Input records:
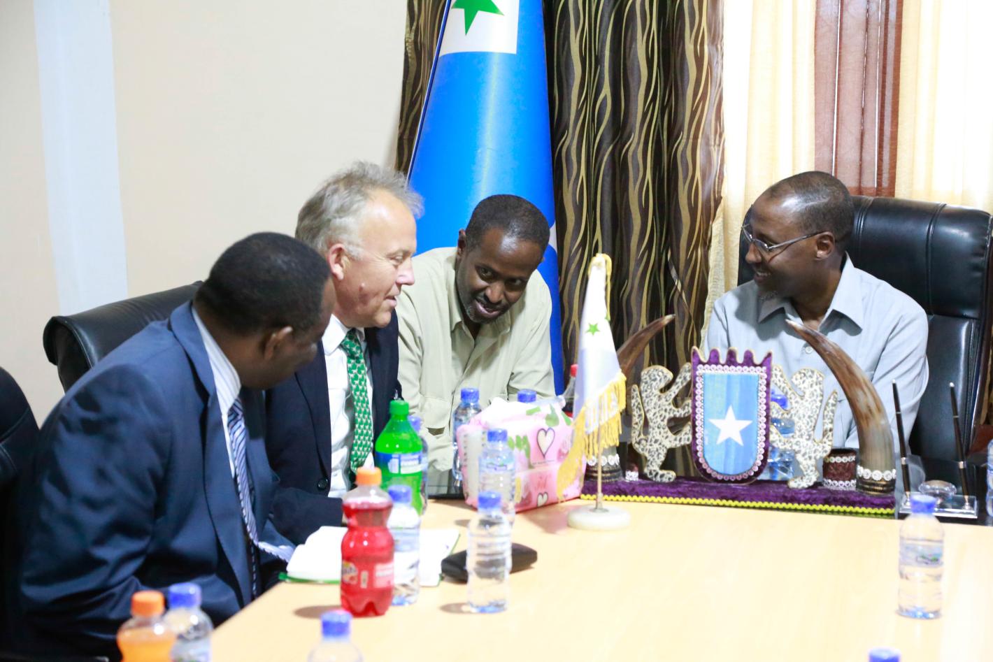 The Special Representative of the UN Secretary-General (SRSG) for Somalia, Michael Keating and the Special Representative of the Chairperson of the African Union Commission (SRCC) for Somalia, Ambassador Francisco Caetano Madeira in a discussion with the President of Galmudug State, Abdikarim Hussein Guled during a visit to assess the ongoing electoral process in Galmudug State, on 26 November 2016
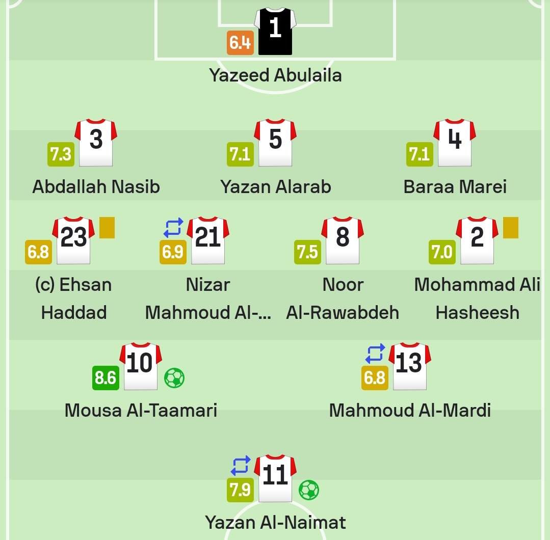 حصل موسى التعمري نجم منتخب الأردن على أعلى تقييم في مباراة كوريا الحنوبية وفقًا لموقع سوفا سكور العالمي للإحصائيات بـ8.6، ويليه اللاعب يزن النعيمات بـ7.9.
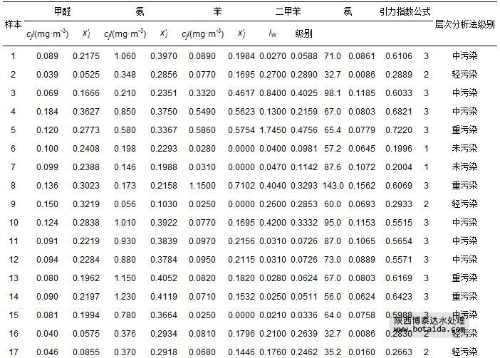 2002年11—12月長春市30個(gè)室內(nèi)樣本5項(xiàng)指標(biāo)監(jiān)測數(shù)據(jù)cj(湯紅巖等,2005),以及由式(1)和式(7)計(jì)算出的指標(biāo)規(guī)范值x′j如表 11所示.由于樣本1、11~15、26和27的不同指標(biāo)計(jì)算得到的規(guī)范值相差較大,因此,在用式(12)計(jì)算引力綜合指數(shù)時(shí),需用式(13)對引力指數(shù)值進(jìn)行加權(quán)計(jì)算,其余22個(gè)樣本的指標(biāo)視作等權(quán),計(jì)算得到各樣本引力綜合指數(shù)值,并根據(jù)表 3中空氣環(huán)境質(zhì)量引力指數(shù)分級標(biāo)準(zhǔn)做出評價(jià)結(jié)果(表 11).表中還列出文獻(xiàn)(湯紅巖等,2005)中用層次分析評價(jià)法做出的評價(jià)結(jié)果.由于文獻(xiàn)(湯紅巖等,2005)中的層次分析評價(jià)法將室內(nèi)空氣污染劃分為清潔(1*級)、未污染(2*級)、輕污染(3*級)、中污染(4*級)和重污染(5*級)等5級;而本文引力指數(shù)法將其劃分為1級、2級、3級.二者對應(yīng)關(guān)系為:(1*級清潔、2*級未污染)對應(yīng)1級,(3*級輕污染)對應(yīng)2級,(4*級中污染、5*級重污染)對應(yīng)3級.由表 11可以看出,二種方法評價(jià)結(jié)果完全一致.
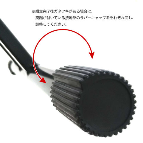 ※組立完了後ガタツキがある場合、突起が付いている接地部のラバーキャップをそれぞれ回し、調整してください。
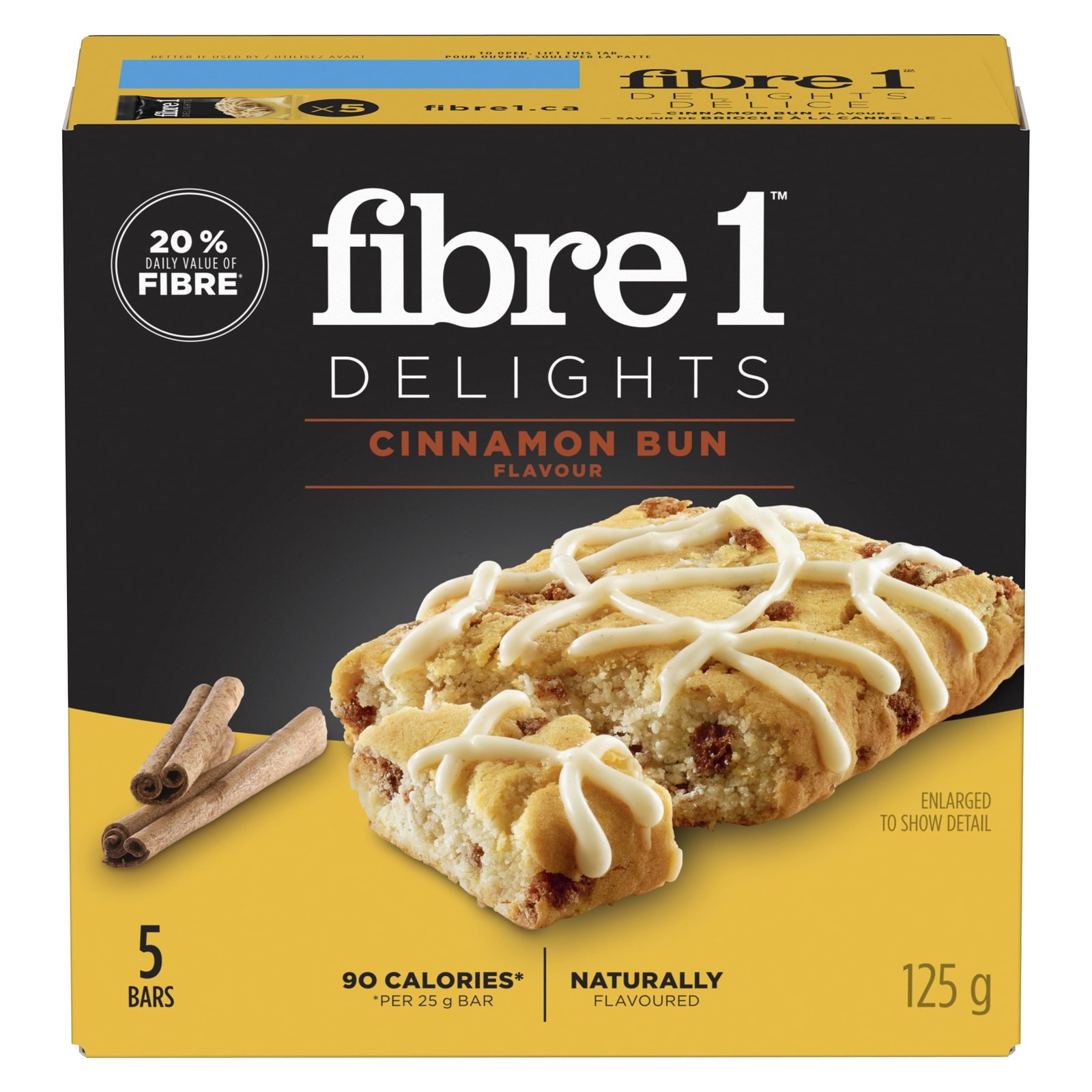| Fabric Property | • Have what you crave with Fibre 1 Cinnamon Bun • 20% daily value of fibre per serving • Naturally flavoured • Individually packaged • Want more of this tasty bar? Try other Fibre 1 Delights bars |
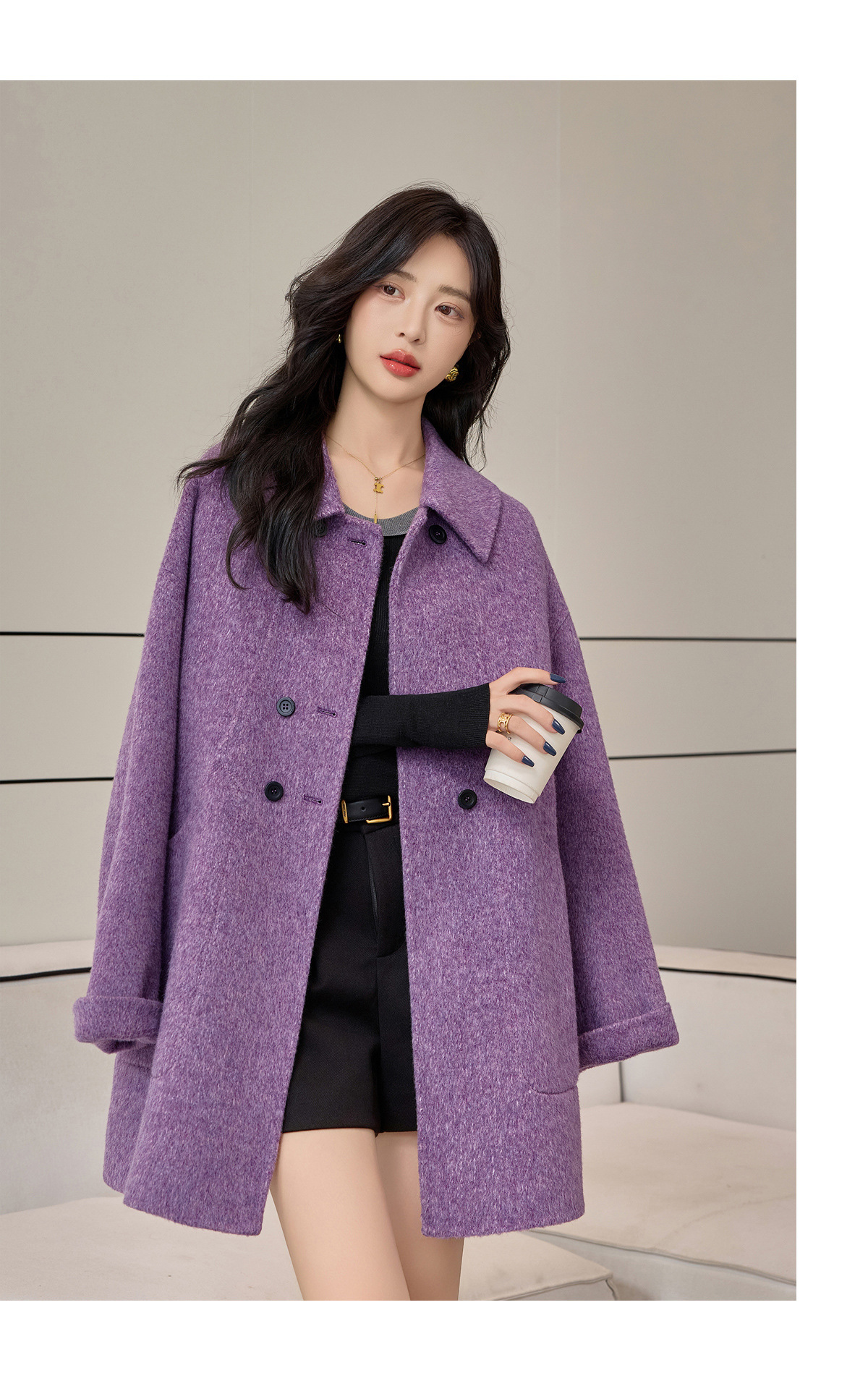 TC 914521羊毛双面尼大衣韩版大码宽松毛呢外套 商品图4
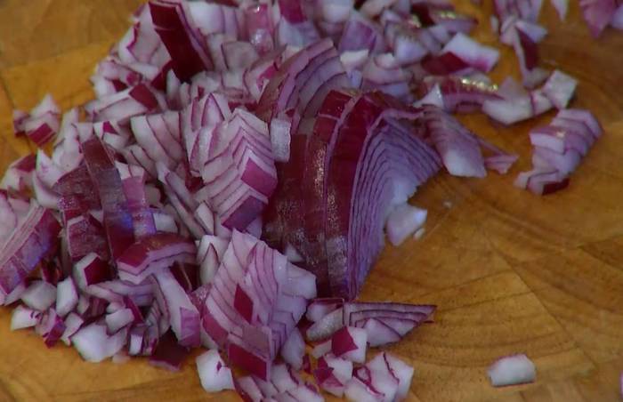 Одну луковицу и зубчик чеснока почистить и мелко порубить.
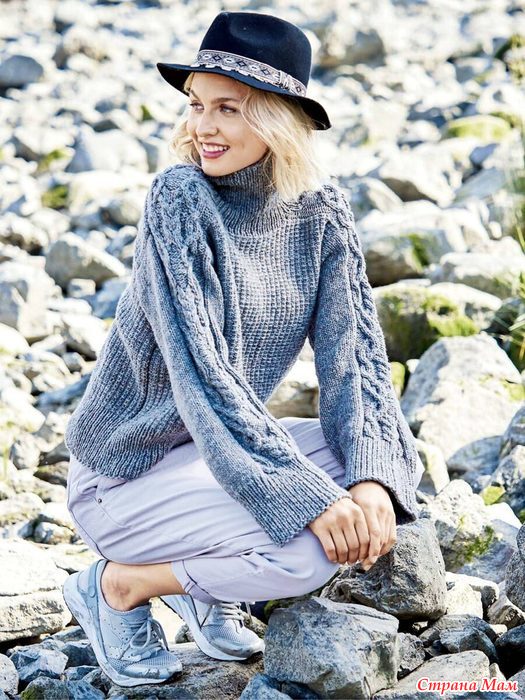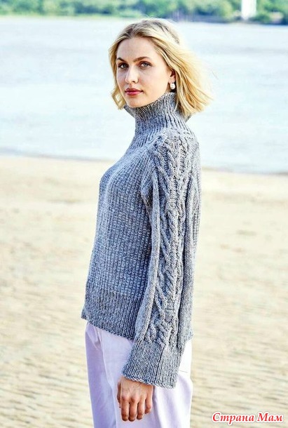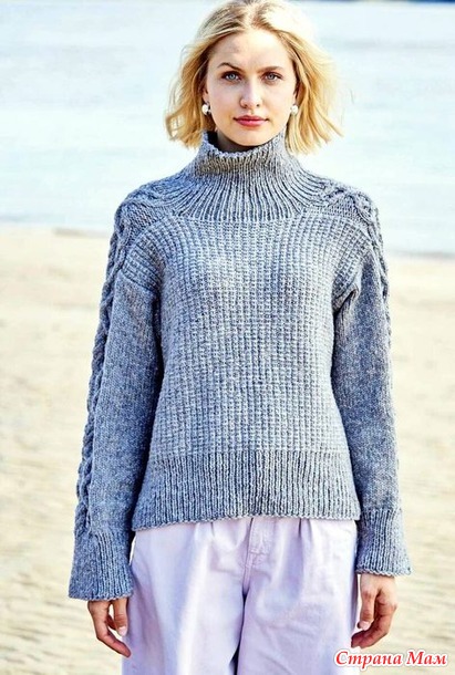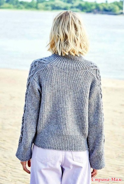 Серо-голубой свитер с аранами и структурным «тканым» узором. Спицы.
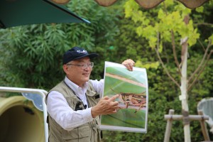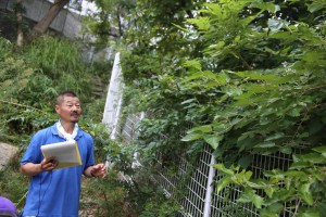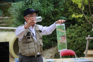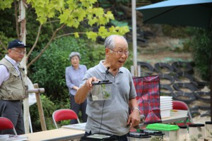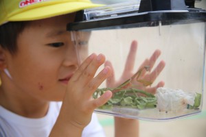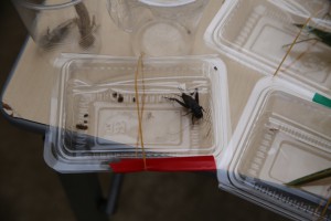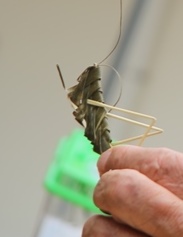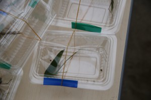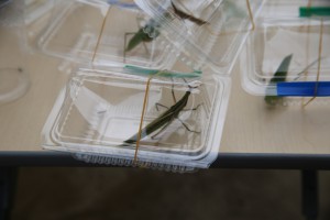 緑のテープ印がバッタ、青テープの印がキリギリス

Aim of the exercise: Reproduce each entry above word for word. Pictures are not part of the copy.

Written reply:
 The Special Representative of the UN Secretary-General (SRSG) for Somalia, Michael Keating and the Special Representative of the Chairperson of the African Union Commission (SRCC) for Somalia, Ambassador Francisco Caetano Madeira in a discussion with the President of Galmudug State, Abdikarim Hussein Guled during a visit to assess the ongoing electoral process in Galmudug State, on 26 November 2016
 حصل موسى التعمري نجم منتخب الأردن على أعلى تقييم في مباراة كوريا الحنوبية وفقًا لموقع سوفا سكور العالمي للإحصائيات بـ8.6، ويليه اللاعب يزن النعيمات بـ7.9.
 2002年11—12月長春市30個(gè)室內(nèi)樣本5項(xiàng)指標(biāo)監(jiān)測數(shù)據(jù)cj(湯紅巖等,2005),以及由式(1)和式(7)計(jì)算出的指標(biāo)規(guī)范值x′j如表 11所示.由于樣本1、11~15、26和27的不同指標(biāo)計(jì)算得到的規(guī)范值相差較大,因此,在用式(12)計(jì)算引力綜合指數(shù)時(shí),需用式(13)對引力指數(shù)值進(jìn)行加權(quán)計(jì)算,其余22個(gè)樣本的指標(biāo)視作等權(quán),計(jì)算得到各樣本引力綜合指數(shù)值,并根據(jù)表 3中空氣環(huán)境質(zhì)量引力指數(shù)分級標(biāo)準(zhǔn)做出評價(jià)結(jié)果(表 11).表中還列出文獻(xiàn)(湯紅巖等,2005)中用層次分析評價(jià)法做出的評價(jià)結(jié)果.由于文獻(xiàn)(湯紅巖等,2005)中的層次分析評價(jià)法將室內(nèi)空氣污染劃分為清潔(1*級)、未污染(2*級)、輕污染(3*級)、中污染(4*級)和重污染(5*級)等5級;而本文引力指數(shù)法將其劃分為1級、2級、3級.二者對應(yīng)關(guān)系為:(1*級清潔、2*級未污染)對應(yīng)1級,(3*級輕污染)對應(yīng)2級,(4*級中污染、5*級重污染)對應(yīng)3級.由表 11可以看出,二種方法評價(jià)結(jié)果完全一致.
 ※組立完了後ガタツキがある場合、突起が付いている接地部のラバーキャップをそれぞれ回し、調整してください。
| Fabric Property | • Have what you crave with Fibre 1 Cinnamon Bun • 20% daily value of fibre per serving • Naturally flavoured • Individually packaged • Want more of this tasty bar? Try other Fibre 1 Delights bars |
 TC 914521羊毛双面尼大衣韩版大码宽松毛呢外套 商品图4
 Одну луковицу и зубчик чеснока почистить и мелко порубить.
 Серо-голубой свитер с аранами и структурным «тканым» узором. Спицы.
 緑のテープ印がバッタ、青テープの印がキリギリス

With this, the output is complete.